_PROBLEM TO SOLVE_
The following entries should be restated word for word, pictures excluded.
+ + + + +
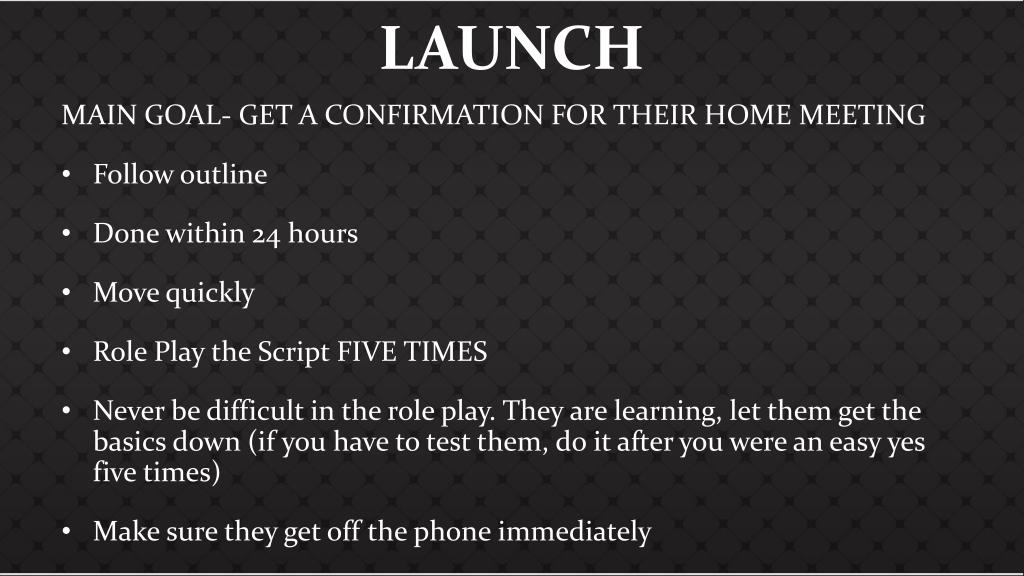 LAUNCH MAIN GOAL- GET A CONFIRMATION FOR THEIR HOME MEETING • Follow outline • Done within 24 hours • Move quickly • Role Play the Script FIVE TIMES • Never be difficult in the role play. They are learning, let them get the basics down (if you have to test them, do it after you were an easy yes five times) • Make sure they get off the phone immediately
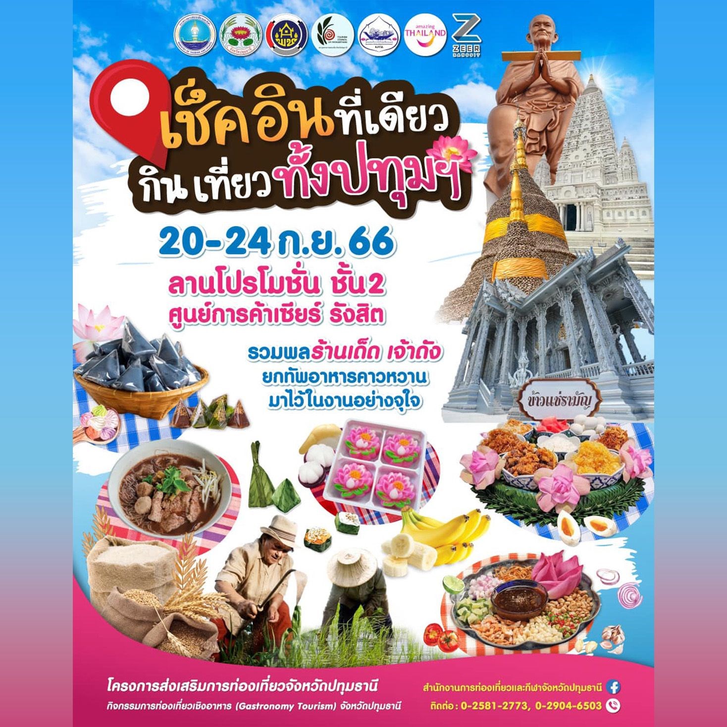 สำนักงานการท่องเที่ยวและกีฬาจังหวัดปทุมธานี และ ศูนย์การค้าเซียร์ รังสิต ขอเชิญทุกท่านมาเช็คอินและกินของอร่อยที่งาน "เช็คอินที่เดียว กิน เที่ยวทั้งปทุมฯ" รวมพลร้านเด็ด รัานดัง ร้านลับ ยกทัพอาหารคาวหวาน ให้ทุกท่านได้มาเลือกชม ช้อป ชิมอาหารและสินค้า กับเทศกาลส่งเสริมการท่องเที่ยวเชิงอาหาร ของจังหวัดปทุมธานี รวบรวมมาไว้ในงานอย่างจุใจ ไม่น้อยกว่า 30 ร้าน ตั้งแต่วันที่ 20 - 24 กันยายน 2566 ณ ลานโปรโมชั่น ชั้น2 ศูนย์การค้าเซียร์ รังสิต
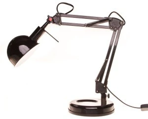 Lampka biurkowa, kolor czarny, zasilanie 220-240V~;50/60Hz, moc max 10W, źródło światła świetlówka kompaktowa, źródło ledowe lub tradycyjna żarówka, trzonek E14, regulacja we wszystkich płaszczyznach, IP 20.
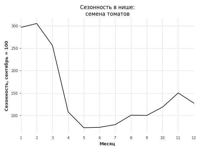 Сезонность в нише сильная. Пик сезонных продаж в нише - февраль. В ближайшие месяцы можно ожидать сезонного роста продаж до 50%.
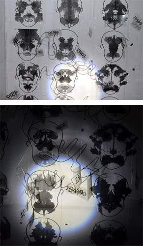 Puis nous décidons de réaliser d'autres éléments de mémoire en reprenant l'inscription « Arbeit macht frei » (situé à l'entrée du camp d'Auschwitz) et « écrite » en fil de fer puis suspendue au centre de l'installation ; le deuxième élément consiste en une série de chiffres photocopiés sur du film transparent et suspendus autour de l'inscription, ces chiffres renvoient aux matricules imposés aux prisonniers. Le tout est éclairé ponctuellement à l'aide d'une lampe torche mise à disposition du spectateur quand il rentre dans la pièce. Enfin pour structurer l'ensemble nous prenons la décision de fabriquer une forme de cadre constitué d'autres exemplaires des photocopies de visages-masques, comme une fragile limite visuelle de l'ensemble. Le spectateur est invité à faire librement l'expérience des ténèbres et à comprendre en fonction de sa propre histoire et de sa culture.(Cassandre et Folavril)
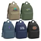 Affordable backpack which is manufactured from 450gsm heavy cotton canvas. It has a zippered main closure and adjustable woven shoulder straps with padding. Other features include an internal slip pocket for a laptop, a large zippered front pocket, a woven carry handle and two side pockets which double as a drink bottle holder.
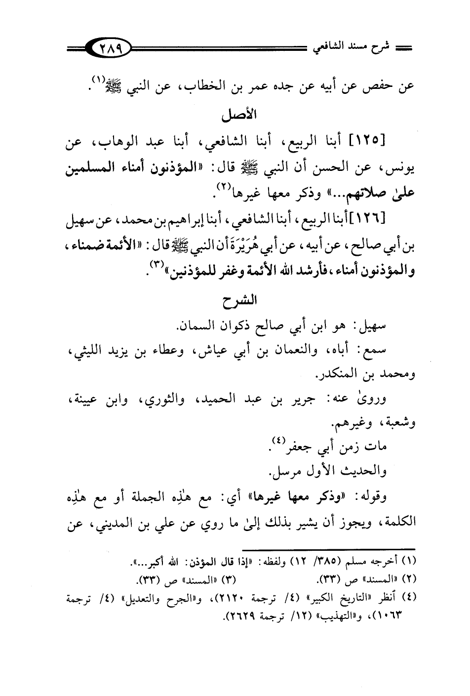 [126] أبنا الربيع، أبنا الشافعي، أبنا إبراهيم بن محمَّد، عن سهيل بن أبي صالح، عن أبيه، عن أبي هُرَيْرَةَ أن النبي - صلى الله عليه وسلم - قال: "الأئمة ضمناء، والمؤذنون أمناء، فأرشد الله الأئمة وغفر للمؤذنين" (¬3).
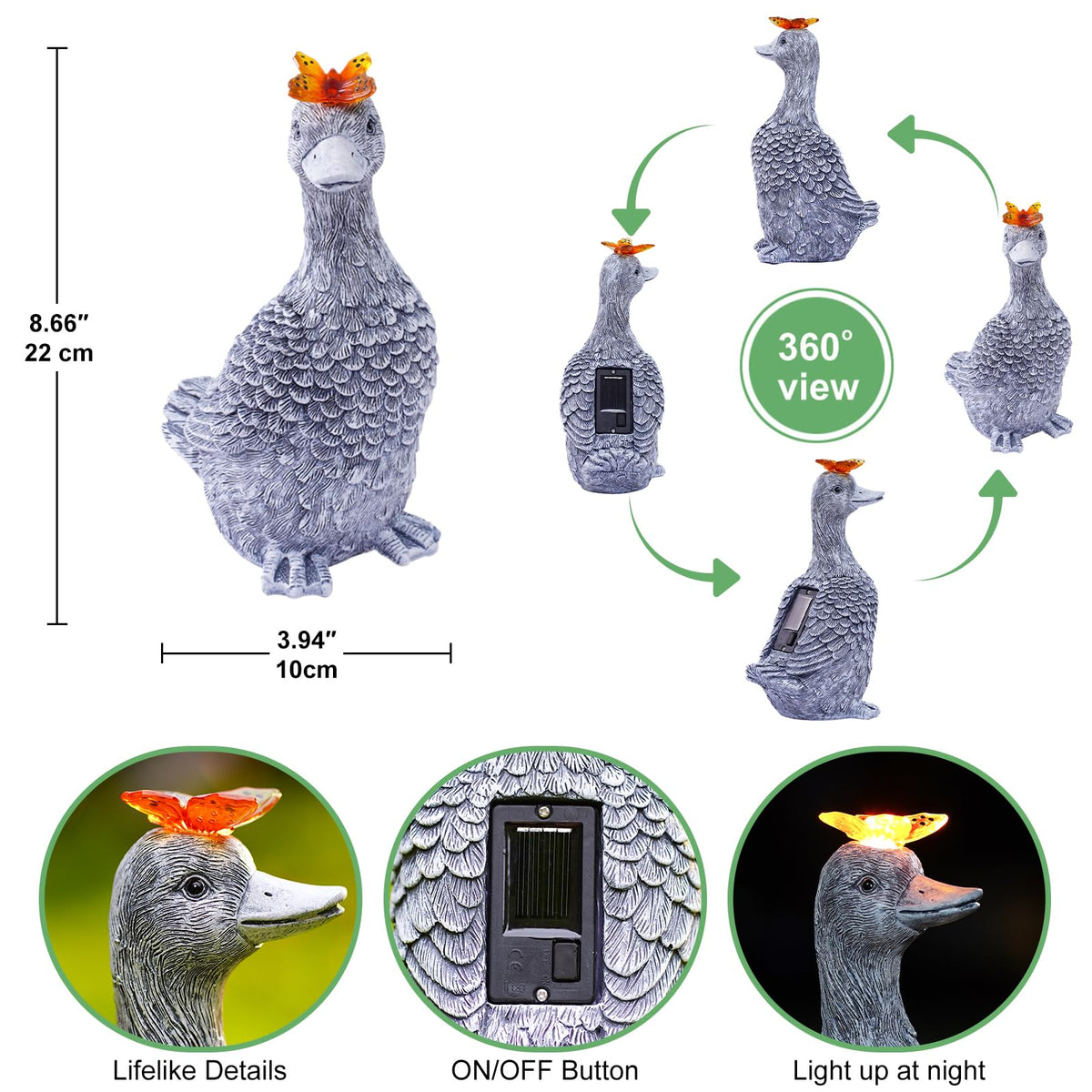 Fashionoda Solar Garden Statue Goose Figurine - Outdoor Decoration With Butterfly For Garden Yard Lawn Home Decor Outside : Unique Gifts For Mom Grandma
+ + + + +
_THE COMPLETED TASK_
 LAUNCH MAIN GOAL- GET A CONFIRMATION FOR THEIR HOME MEETING • Follow outline • Done within 24 hours • Move quickly • Role Play the Script FIVE TIMES • Never be difficult in the role play. They are learning, let them get the basics down (if you have to test them, do it after you were an easy yes five times) • Make sure they get off the phone immediately
 สำนักงานการท่องเที่ยวและกีฬาจังหวัดปทุมธานี และ ศูนย์การค้าเซียร์ รังสิต ขอเชิญทุกท่านมาเช็คอินและกินของอร่อยที่งาน "เช็คอินที่เดียว กิน เที่ยวทั้งปทุมฯ" รวมพลร้านเด็ด รัานดัง ร้านลับ ยกทัพอาหารคาวหวาน ให้ทุกท่านได้มาเลือกชม ช้อป ชิมอาหารและสินค้า กับเทศกาลส่งเสริมการท่องเที่ยวเชิงอาหาร ของจังหวัดปทุมธานี รวบรวมมาไว้ในงานอย่างจุใจ ไม่น้อยกว่า 30 ร้าน ตั้งแต่วันที่ 20 - 24 กันยายน 2566 ณ ลานโปรโมชั่น ชั้น2 ศูนย์การค้าเซียร์ รังสิต
 Lampka biurkowa, kolor czarny, zasilanie 220-240V~;50/60Hz, moc max 10W, źródło światła świetlówka kompaktowa, źródło ledowe lub tradycyjna żarówka, trzonek E14, regulacja we wszystkich płaszczyznach, IP 20.
 Сезонность в нише сильная. Пик сезонных продаж в нише - февраль. В ближайшие месяцы можно ожидать сезонного роста продаж до 50%.
 Puis nous décidons de réaliser d'autres éléments de mémoire en reprenant l'inscription « Arbeit macht frei » (situé à l'entrée du camp d'Auschwitz) et « écrite » en fil de fer puis suspendue au centre de l'installation ; le deuxième élément consiste en une série de chiffres photocopiés sur du film transparent et suspendus autour de l'inscription, ces chiffres renvoient aux matricules imposés aux prisonniers. Le tout est éclairé ponctuellement à l'aide d'une lampe torche mise à disposition du spectateur quand il rentre dans la pièce. Enfin pour structurer l'ensemble nous prenons la décision de fabriquer une forme de cadre constitué d'autres exemplaires des photocopies de visages-masques, comme une fragile limite visuelle de l'ensemble. Le spectateur est invité à faire librement l'expérience des ténèbres et à comprendre en fonction de sa propre histoire et de sa culture.(Cassandre et Folavril)
 Affordable backpack which is manufactured from 450gsm heavy cotton canvas. It has a zippered main closure and adjustable woven shoulder straps with padding. Other features include an internal slip pocket for a laptop, a large zippered front pocket, a woven carry handle and two side pockets which double as a drink bottle holder.
 [126] أبنا الربيع، أبنا الشافعي، أبنا إبراهيم بن محمَّد، عن سهيل بن أبي صالح، عن أبيه، عن أبي هُرَيْرَةَ أن النبي - صلى الله عليه وسلم - قال: "الأئمة ضمناء، والمؤذنون أمناء، فأرشد الله الأئمة وغفر للمؤذنين" (¬3).
 Fashionoda Solar Garden Statue Goose Figurine - Outdoor Decoration With Butterfly For Garden Yard Lawn Home Decor Outside : Unique Gifts For Mom Grandma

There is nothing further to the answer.